Work instruction:
Output the lines of the records below exactly, beginning at their first line and ending at the line with "Basset hound akwarela ręcznie malowana"; include no pictures.
..............................
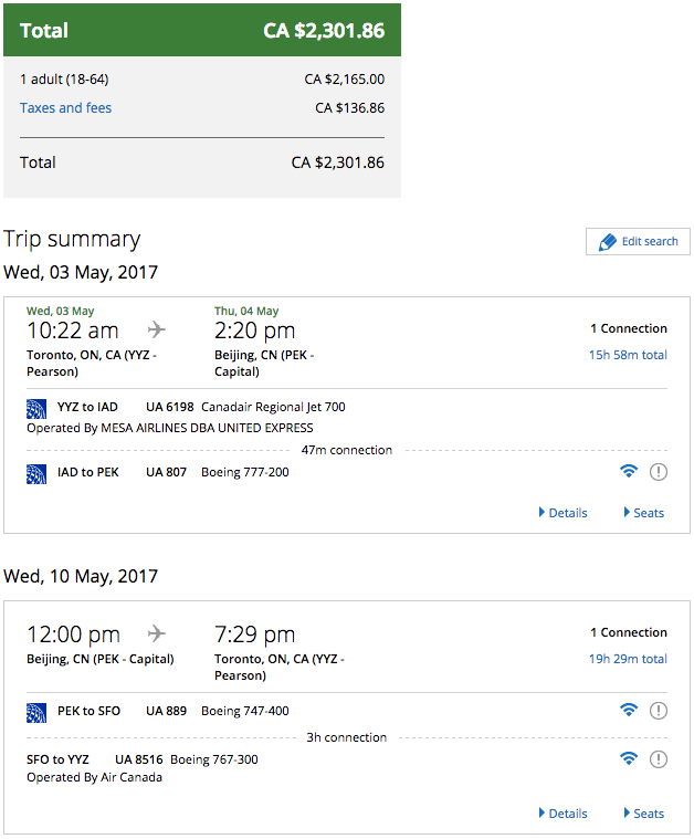 United is offering discounted business-class fares from Toronto (YYZ) to China from just $1,710 round-trip. You can fly to either Beijing (PEK) or Shanghai (PVG) with availability from March through May 2017.
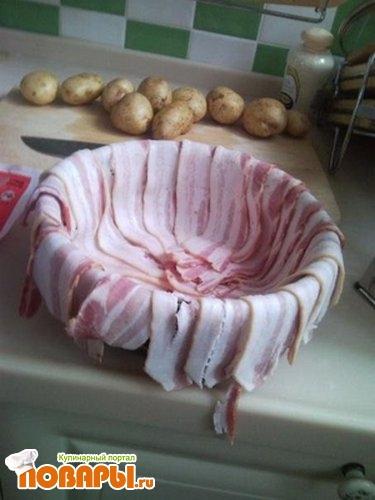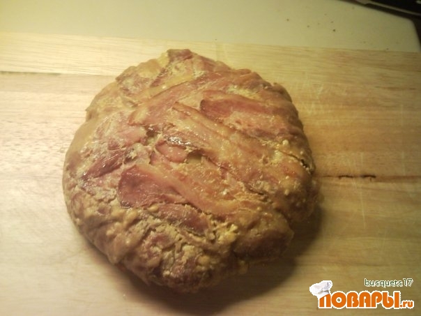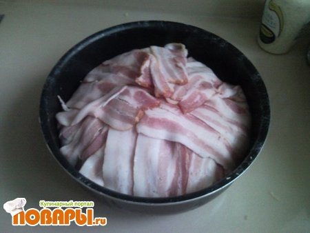 Красиво заворачиваем свисающие кончики бекона и отправляем в разогретую до 200 градусов духовку на 50-60 минут.
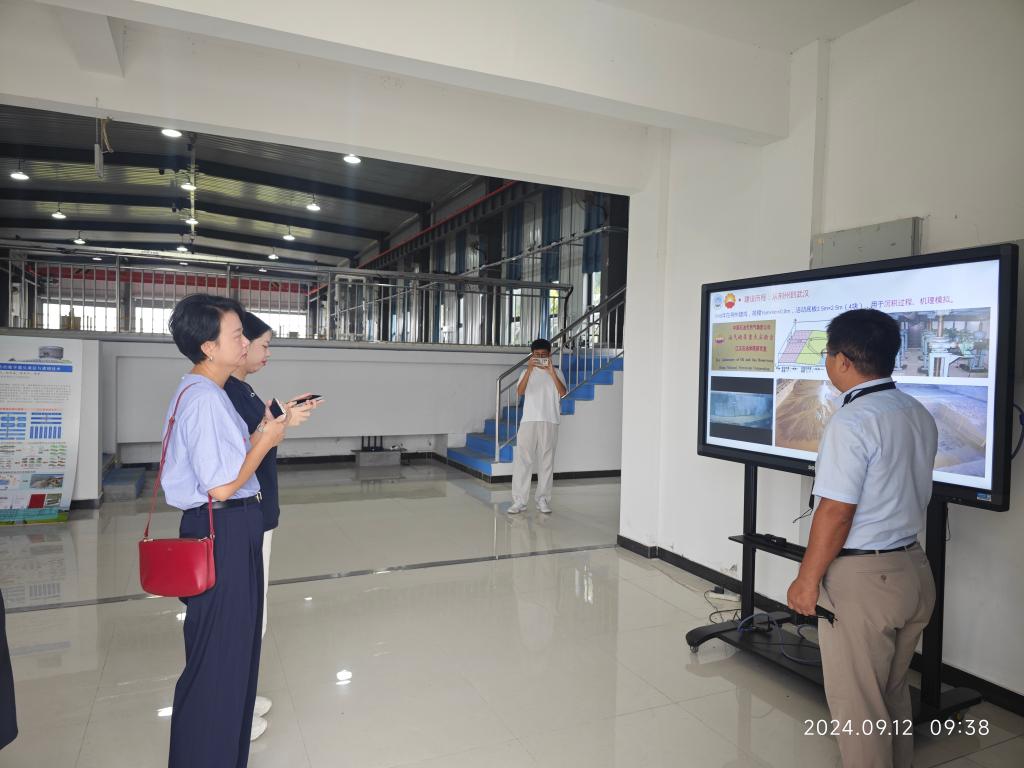 胡光明教授向专家介绍了具有鲜明特色的“沉积模拟实验室”。从实验室的建设发展历程、功能定位等方面做了详细讲解。据悉,该实验室可以模拟不同地质背景下砂体的沉积规律,为石油天然气的勘探开发提供模型验证支撑,同时还能对滑坡、泥石流等地质灾害进行模拟。
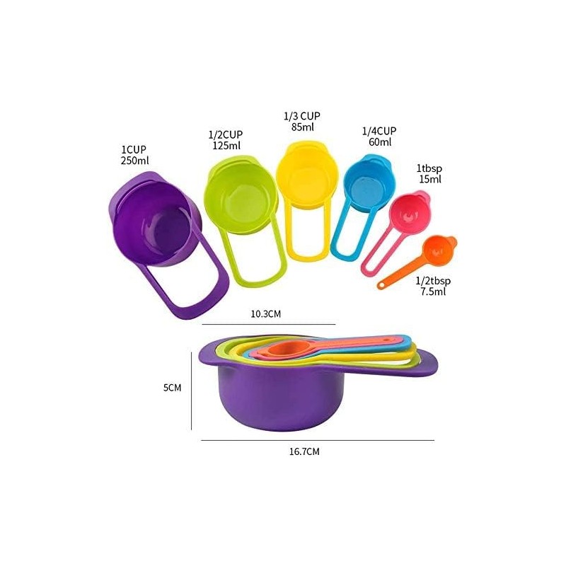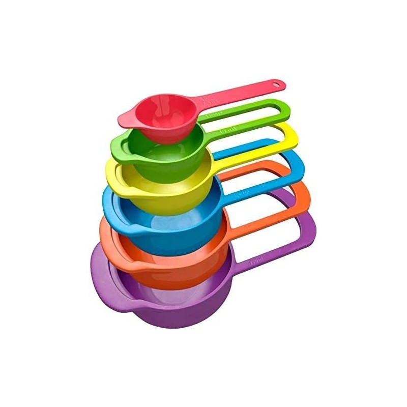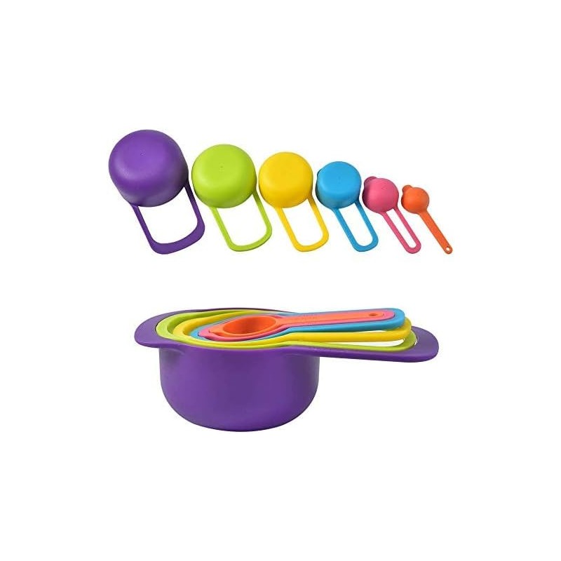 Measuring Cup and Spoon Set of 6 Food Grade Multicolor Space Saving Stackable Baking Tools
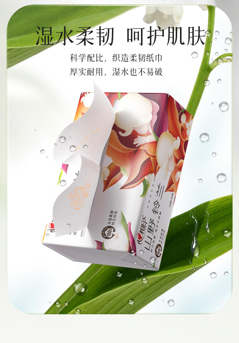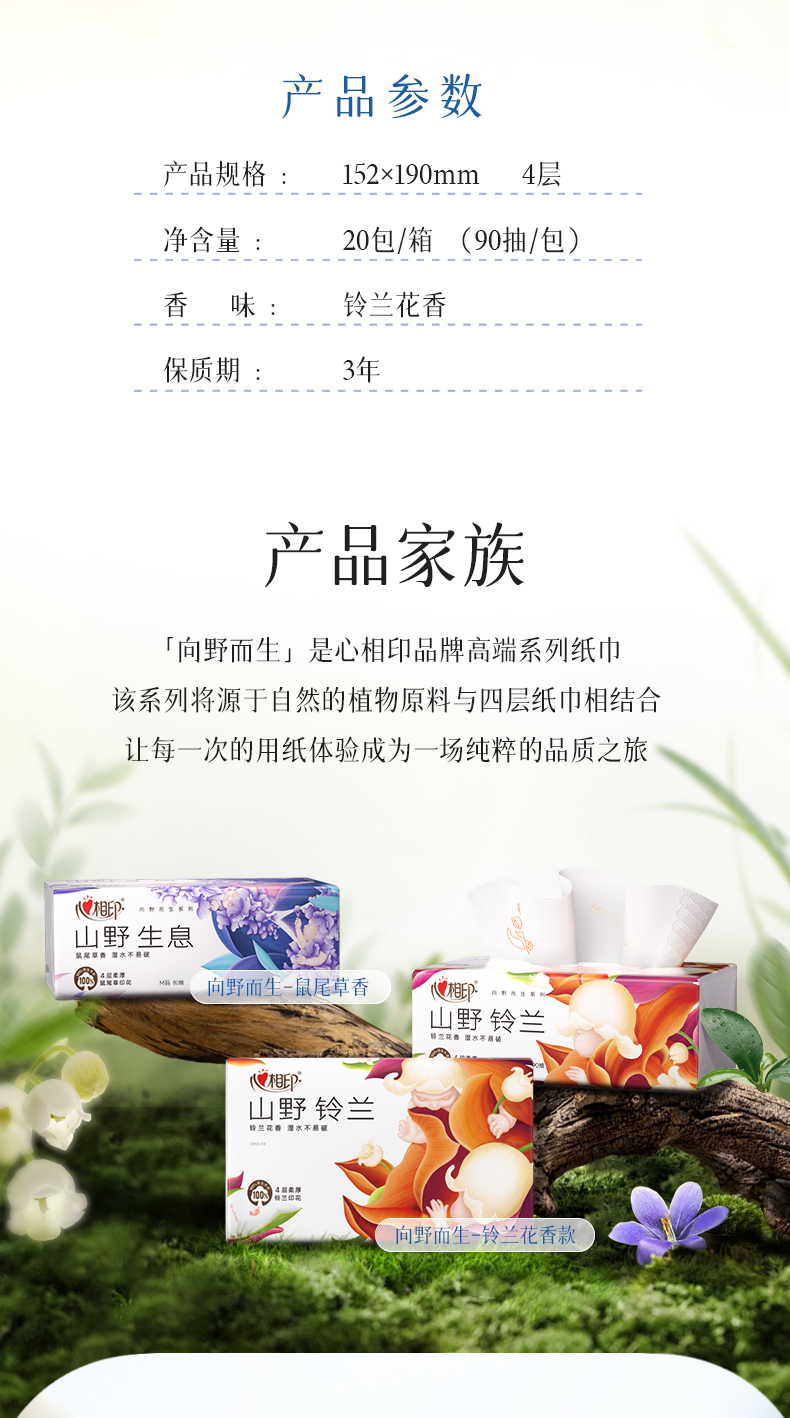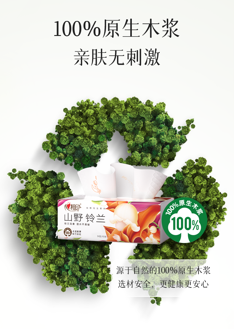 心相印 向野而生90抽四层塑装面巾纸(铃兰印花) DT41090 20包*1箱 白色(单位:箱)
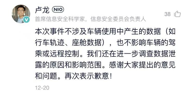 随后,蔚来首席信息安全科学家,信息安全委员会负责人卢龙表示,“本次事件不涉及车辆使用中产生的数据(如行车轨迹、座舱数据),也不影响车辆的驾乘或远程控制。我们还在进一步调查数据泄露的原因和影响范围。感谢大家提出的意见和问题。再次表示歉意。”
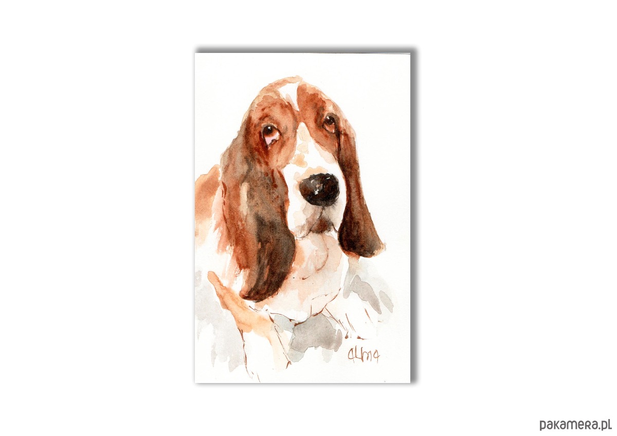 Basset hound akwarela ręcznie malowana
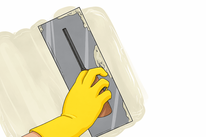 Після заповнення проведіть шпателем горизонтальними й вертикальними рухами, знімаючи надлишки матеріалу та вирівнюючи поверхню зі стіною. Це допоможе уникнути напливів і спростить подальше шліфування.
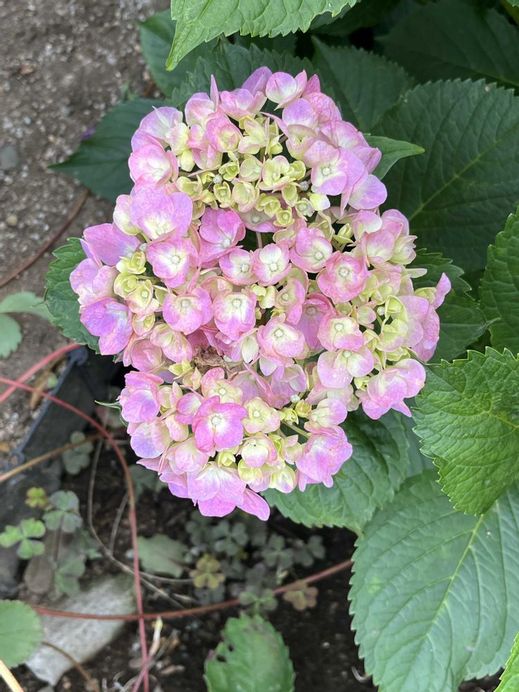 おはようございます。曇り、22.3℃、10:20ちょうどいい。紫陽花、貴重な2輪が色づき始めました。ミニトマト3種初収穫しました。レタスサラダミックス、早生オクラ、地這きゅうり、カモミール、8日目発芽してました。青しそ2世68日目、エゴマ69日目初収穫しました。🥰😍😻😋☺️😸
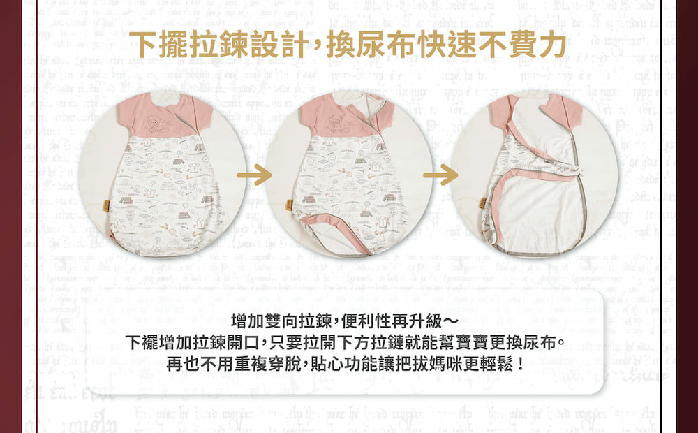 2. 下擺增加滑順雙開拉鍊設計,換尿布快速不費力。
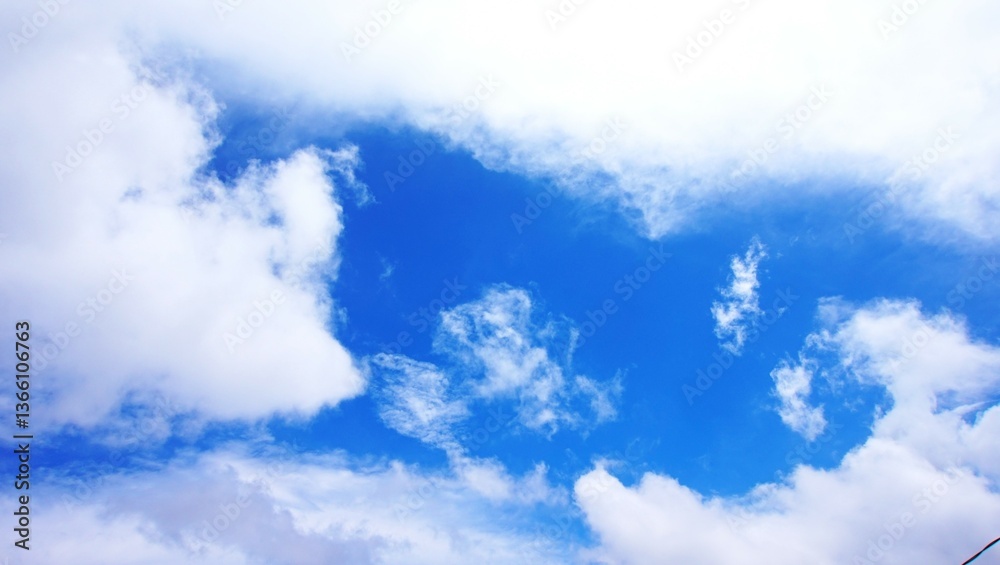 beautiful blue sky with uniquely shaped white clouds, natural and suitable for background
..............................
Output for this exercise:
 United is offering discounted business-class fares from Toronto (YYZ) to China from just $1,710 round-trip. You can fly to either Beijing (PEK) or Shanghai (PVG) with availability from March through May 2017.
 Красиво заворачиваем свисающие кончики бекона и отправляем в разогретую до 200 градусов духовку на 50-60 минут.
 胡光明教授向专家介绍了具有鲜明特色的“沉积模拟实验室”。从实验室的建设发展历程、功能定位等方面做了详细讲解。据悉,该实验室可以模拟不同地质背景下砂体的沉积规律,为石油天然气的勘探开发提供模型验证支撑,同时还能对滑坡、泥石流等地质灾害进行模拟。
 Measuring Cup and Spoon Set of 6 Food Grade Multicolor Space Saving Stackable Baking Tools
 心相印 向野而生90抽四层塑装面巾纸(铃兰印花) DT41090 20包*1箱 白色(单位:箱)
 随后,蔚来首席信息安全科学家,信息安全委员会负责人卢龙表示,“本次事件不涉及车辆使用中产生的数据(如行车轨迹、座舱数据),也不影响车辆的驾乘或远程控制。我们还在进一步调查数据泄露的原因和影响范围。感谢大家提出的意见和问题。再次表示歉意。”
 Basset hound akwarela ręcznie malowana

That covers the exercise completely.